**The data**
"""
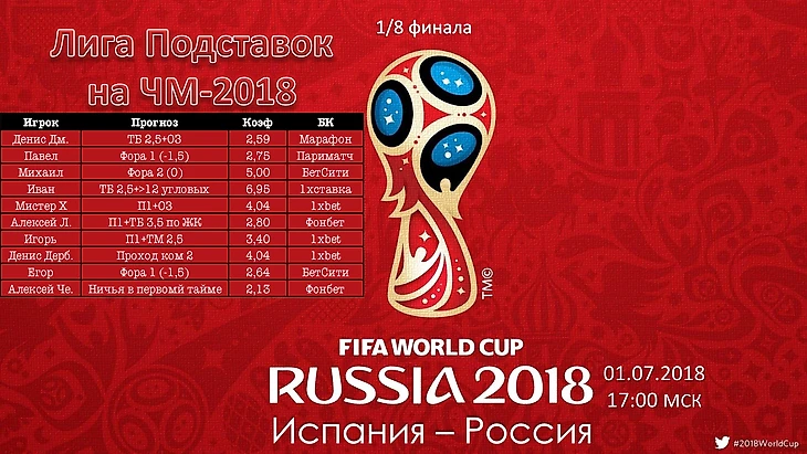 Ниже варианты ставок наших участников на матч 1/8 финала чемпионата мира по футболу - 2018: Испания - Россия.
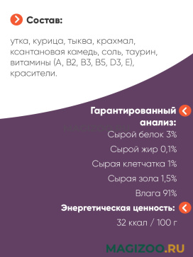 Состав: утка, курица, тыква, крахмал, ксантановая камедь, соль, таурин, витамины (А, В2, В3, В5, D3, Е), красители.
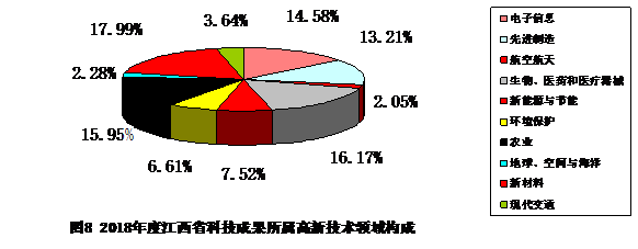 2018年度江西省登記的569項應(yīng)用技術(shù)成果中,有439項屬高新技術(shù)領(lǐng)域,占登記的科技成果總數(shù)的63.17%。其中,電子信息64項,占所登記的高新技術(shù)領(lǐng)域成果總量的14.58%;先進(jìn)制造58項,占13.21%;航空航天9項,占2.05%;現(xiàn)代交通16項,占3.64%;生物醫(yī)藥和醫(yī)療器械71項,占16.17%;新材料79項,占17.99%;新能源與節(jié)能33項,占7.52%;環(huán)境保護(hù)29項,占6.61%;地球、空間與海洋10項,占2.28%;現(xiàn)代農(nóng)業(yè)70項,占15.95%。生物醫(yī)藥領(lǐng)域在全省高新技術(shù)領(lǐng)域中所占比例最高,其次新材料和農(nóng)業(yè)也都占有較大比例( 見圖8)。
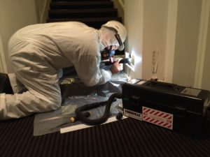 “Fire prevention and protection features were added to the building during the 1970s when asbestos was the product of choice,” says Paul Phillips, Operations Manager at Global Environmental. “In addition, there are no plans showing where it was used; some was strategic, some ad hoc. The huge benefit of these three weeks is that they gave us the opportunity and time to use fully invasive techniques to test for asbestos in a controlled environment, giving us enough information to facilitate the major refurbishment works in 2017.”
"""
Nothing but an exact copy of the data above, minus its pictures, should appear in the response.

 Ниже варианты ставок наших участников на матч 1/8 финала чемпионата мира по футболу - 2018: Испания - Россия.
 Состав: утка, курица, тыква, крахмал, ксантановая камедь, соль, таурин, витамины (А, В2, В3, В5, D3, Е), красители.
 2018年度江西省登記的569項應(yīng)用技術(shù)成果中,有439項屬高新技術(shù)領(lǐng)域,占登記的科技成果總數(shù)的63.17%。其中,電子信息64項,占所登記的高新技術(shù)領(lǐng)域成果總量的14.58%;先進(jìn)制造58項,占13.21%;航空航天9項,占2.05%;現(xiàn)代交通16項,占3.64%;生物醫(yī)藥和醫(yī)療器械71項,占16.17%;新材料79項,占17.99%;新能源與節(jié)能33項,占7.52%;環(huán)境保護(hù)29項,占6.61%;地球、空間與海洋10項,占2.28%;現(xiàn)代農(nóng)業(yè)70項,占15.95%。生物醫(yī)藥領(lǐng)域在全省高新技術(shù)領(lǐng)域中所占比例最高,其次新材料和農(nóng)業(yè)也都占有較大比例( 見圖8)。
 “Fire prevention and protection features were added to the building during the 1970s when asbestos was the product of choice,” says Paul Phillips, Operations Manager at Global Environmental. “In addition, there are no plans showing where it was used; some was strategic, some ad hoc. The huge benefit of these three weeks is that they gave us the opportunity and time to use fully invasive techniques to test for asbestos in a controlled environment, giving us enough information to facilitate the major refurbishment works in 2017.”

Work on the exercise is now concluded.